Page 91 of Where There's Smoke

I cocked my head. “What?”

“Nothing.” Ranya smiled the way Simone always did when she wanted me to think everything was okay. “Why?”

“You tell me.”

She turned away. Bracelets and keys jingled as she spun her key ring on her finger. “We’ll talk in the car. Let’s get out of here.”

We let Anthony know we’d meet him at the rally, and headed out to the parking lot. Ranya drove, since she was a terrible backseat driver whenever I did, and I sipped my coffee in the passenger seat.

She’d barely pulled out onto the highway when I said, “So what was that look you gave me at the hotel?”

“What look? I’m always giving you looks.”

“You know what I mean.”

Ranya tapped her thumbs on the steering wheel. “Are you sure Simone is okay with what’s going on with you and Anthony?”

“I’m not even sure,” I said. “She says she is, insists she is, but…” Sighing, I rested my elbow below the window and rubbed my forehead with the heel of my hand. “Let’s just say I’m getting a lot of mixed signals.”

“Well, she doesn’t seem okay with it.”

“I can’t imagine she is. I can’t imagine she’s okay with any of it. I also know her, and if she thinks I’m adjusting my life—especially if I stop seeing Anthony—for her benefit after she’s already insisted I have her blessing, it’ll put her over the edge. One thing she does not like is people handling her with kid gloves.”

“So it’s a catch-22,” Ranya said. “Keep doing what you’re doing, it’ll drive her crazy. Change to what you think she really wants, it’ll drive her even crazier.”

“Basically.”

She was silent for a long moment, her brow furrowed with something unspoken.
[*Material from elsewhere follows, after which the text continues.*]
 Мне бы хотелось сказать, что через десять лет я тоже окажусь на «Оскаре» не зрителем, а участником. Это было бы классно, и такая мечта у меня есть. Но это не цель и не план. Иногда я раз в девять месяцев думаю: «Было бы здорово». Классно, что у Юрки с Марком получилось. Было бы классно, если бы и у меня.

I was just about to ask what was on her mind when she said, “Mind if I ask something personal?”

“Go ahead.”

“Hypothetically, if you were straight”—she glanced at me—“do you think you and Simone would have lasted?”

The question hit me in the gut. “What…what do you mean?”
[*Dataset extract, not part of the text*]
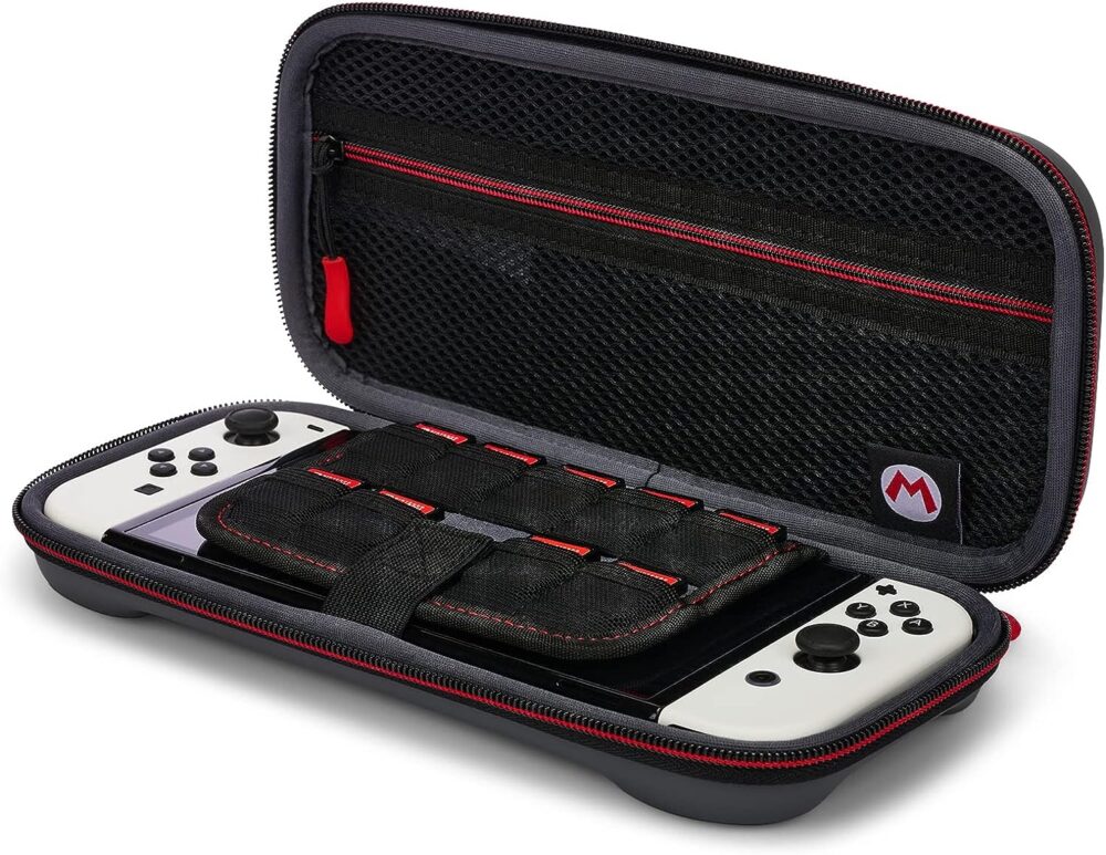 El estuche PowerA para Nintendo Switch y Nintendo Switch Lite es una opción ideal para proteger y transportar tu consola de videojuegos de manera segura y conveniente. Este estuche está diseñado pensando en la comodidad y la protección de tu dispositivo, lo que lo convierte en una elección perfecta para los amantes de los videojuegos.

“I mean, even before you were planning on getting a divorce, you seemed stressed over your marriage.”

I shrugged, as much to appear flippant as to loosen some of the tension knotting my shoulders. “Being closeted will do that to you.”

“No, that’s not what I mean. As long as I’ve known you, you’ve always bent over backward to make Simone happy, and you’ve always second-guessed your every move because you know her well enough to know she doesn’t process things normally. I guess I always wondered if you’d eventually get tired of that.”

“It’s tiring, yes,” I said. “I won’t deny that. But I made a vow to her, and I meant it. I thought I did, anyway, but I knew from the get-go that she handles things differently. I went into this knowing that, and I’d no sooner leave her over a mental illness than I would leave if she had cancer or something.” I pushed out a breath. “God, I feel like enough of a jackass for leaving her in the first place.”

“I don’t think she blames you,” Ranya said softly. “I certainly don’t. If you’re gay, well, you’re gay.”

I stared out the windshield but said nothing.

“Honestly,” Ranya said, “I can’t even imagine how you made it this long.”

“Pretending to be straight, you mean?”

“Yeah. Didn’t you know when you married her?”

“I knew I was more attracted to men than women, but I loved her, and I thought…” I trailed off and finally shook my head. “I don’t know. I thought I could do this. Fast-forward a few years and get past some denial and I realize I was only into women as much as I needed to be to keep up that image of being straight. And I couldn’t keep faking it anymore.”

“I can’t even imagine.”

“But damn it, I could have saved her a lot of heartache if I’d gotten it together sooner. Even a year or two ago.”